Why? he asks a third time, and his eyes are so eloquent you are drowning in their words. He speaks with his eyes so much better than with his mouth, reminding you of the conclusion you drew one golden afternoon: he will always be heard even if he doesn't speak, if not through his eyes then through the gold of the sunlight. But he still speaks, albeit not as much, and you don't really mind because his voice is the music that you'll never tire to hear.

(and you pause to wonder if you should strike that from your mind, but you realize it's only you and him in this dying afternoon and perhaps one slip won't be noticed at all)

Underneath the ignored pain he is tired, you can see, so you sit on the grass so he can sit down too. He doesn't seem to notice, too intent on your unvoiced answer, so you grab his hand and force him to sit down with you.

(less roughly, almost gently, even if you don't know how it's done, because you've hurt him too many times to count and you don't want to do it again—)

You ignore his yelp even as they pierce through your chest.

(—because you don't want to hurt him anymore)

Wh—he starts, and you cut him off with a hand.

What do you think? you ask, and he's clearly unhappy, annoyed that you interrupted to throw a question back. You point to the distance so he won't take it wrongly, and he follows your finger because he will follow you to the end.

(and he's gone to hell and deeper to prove that to you)

You point to the west where the sun is setting.

What do you think? you repeat, and there is no change in your tone—still even, still detached, still that shadow in its shadow and that darkness in its darkness. But he hears something else because he knows you're insisting, because you dislike repeating yourself and only do so when you need to. And it's a need, right now, this need for him to understand—it's a need so dire it catches your breath a second shy.

And his features relax, in those years with him you call moment, and you nod to yourself half those years later because he's getting the idea and everything will be easier from there.

(talking and explaining are not really your strongest suits)

I think it's awesome, he says, so honestly you don't grudge him the simplicity of his words.

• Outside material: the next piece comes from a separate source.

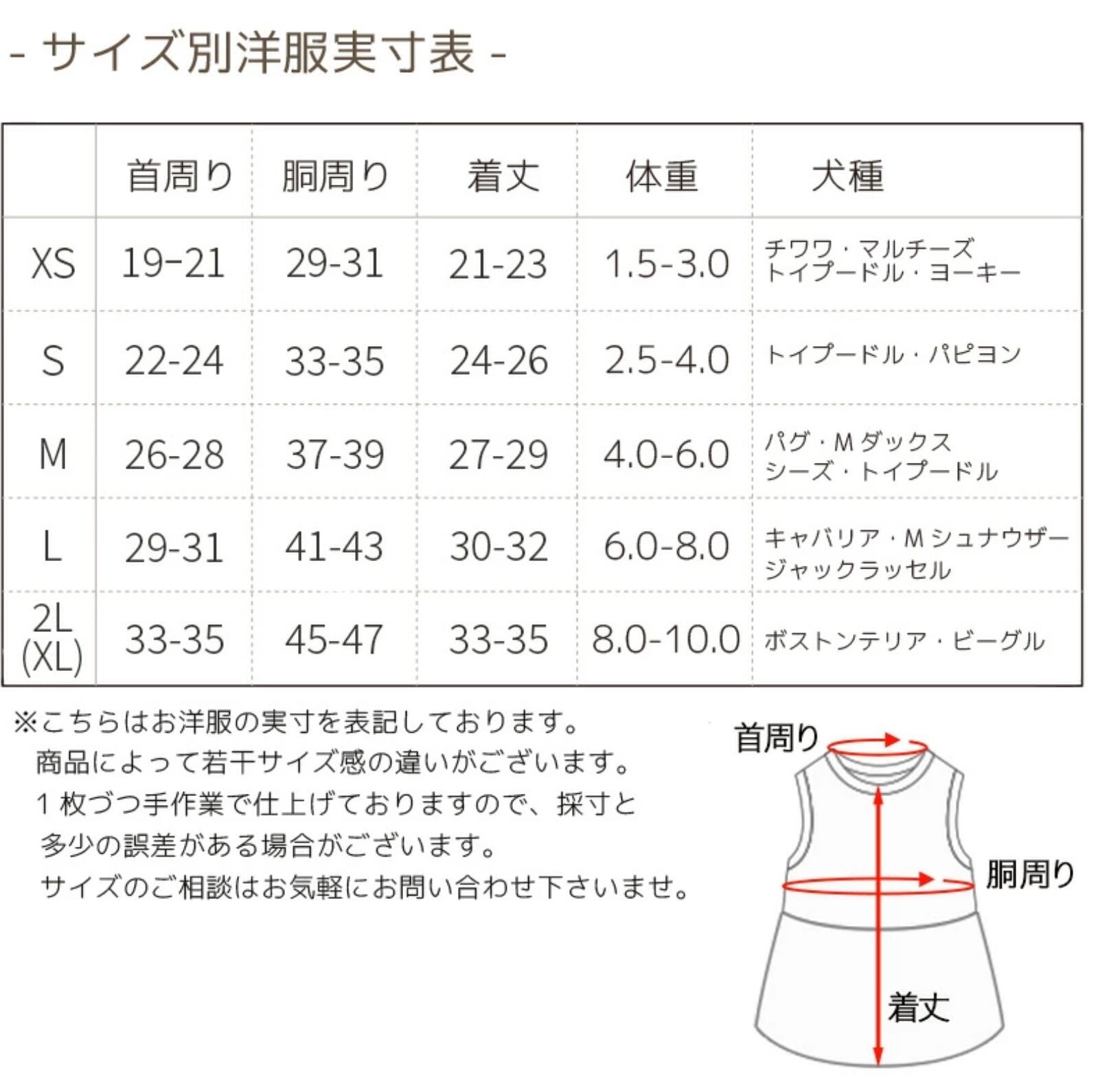 サイズ展開 XS/S/M/L/XL

Those? you point again, and this time you point to the east. There are dandelions over there, in that verdant little patch, remnant of a paradise your mind cannot grasp. With every breeze you do as it tumbles past to you, bearing with it the seeds of soft downy white. There are more, on that patch, a wide square of dreams, borne from those plants you called weeds like the rest do.

(from where you sit those seeds look like fireflies against the light)

You needn't see his eyes to know he never called them that.

Cool.

You raise your hand and point to the rising moon. To the stars, each one as they appear, brighter than the other, bigger even, sometimes. To the trees, with their branches, leaves. To the grasses where you sit. To the village in the distance, once upon a time called home in your heart.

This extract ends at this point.